Debian’s handling of dnsmasq and “stable”

  • Large subthread debates Debian’s model:
    • Critics call the dnsmasq in stable “embarrassingly ancient” and object to heavy backporting, arguing it’s resource‑intensive, discourages refactoring, and often leaves non‑security bugs unfixed for years.
    • Defenders say stable is intentionally conservative: only minimal security/bug patches, major feature updates via testing/unstable every ~2 years, and optional backports/third‑party repos for newer stacks.
    • Some argue this approach is vital for big orgs and “set and forget” machines; others see it as deferred maintenance that leads to painful mass upgrades.

AI‑generated CVEs and security audits

  • Multiple comments note a “tsunami” of AI‑assisted bug reports; maintainers expect repeated patch cycles as tools keep finding new issues.
  • Some projects reportedly see many AI‑found bugs; others (e.g., certain DNS and mail servers) claim none or very few, attributing that to stricter design and smaller, more carefully written codebases.
  • Debate on whether less‑popular software has fewer bugs or just less scrutiny; AI is seen as lowering the cost of auditing even obscure projects.
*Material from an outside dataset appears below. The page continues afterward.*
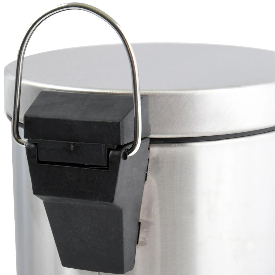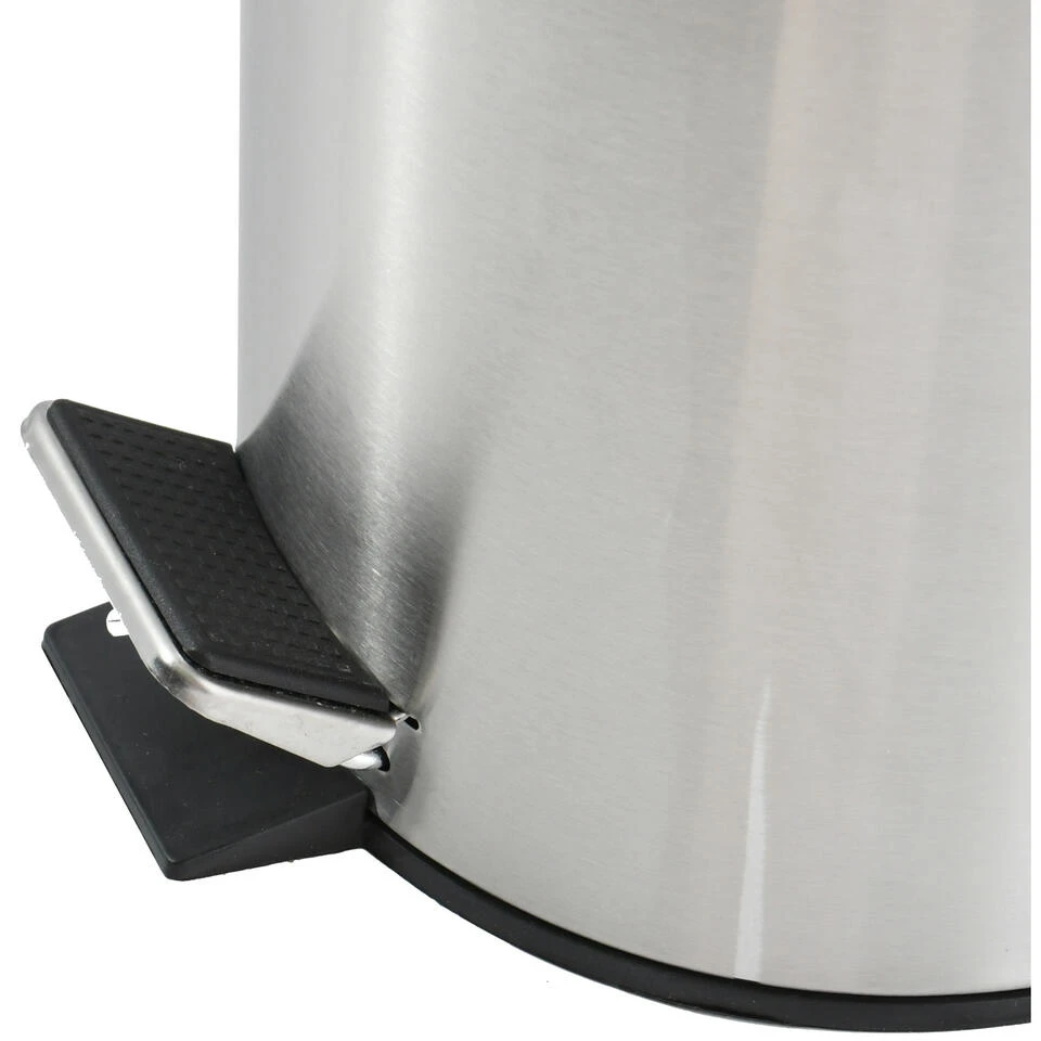 Pedaalemmer voor badkamer en toilet, klein model met inhoud 3 liter, kleur glans zilver. Deze prullenbak is gemaakt van rvs(metaal) en heeft een formaat van ca. L16 x H25 cm. Deze kleine pedaalemmers hebben een uitneembare binnenbak. De deksel heeft dezelfde kleur. Robuust en makkelijk te legen. Afvalemmers, pedaalemmers en prullenbakken.

C vs memory‑safe languages and rewrites

  • Several argue this is a tipping point to replace C infrastructure with Rust/Go for DNS/DHCP, given the dominance of memory‑safety bugs.
  • Others counter that rewrites are risky and can introduce many new logic and OS‑level bugs, citing a Rust coreutils replacement with dozens of CVEs.
  • Some propose using AI more for auditing and for assisting partial rewrites, rather than full greenfield replacements.

Design and alternatives

  • Some dislike dnsmasq’s “does everything” design, preferring separate DNS/DHCP/TFTP daemons; others value its integration for small routers.
  • Alternatives like MaraDNS are discussed, with claims of strong security records and heavy auditing, but criticism over self‑promotion and smaller adoption.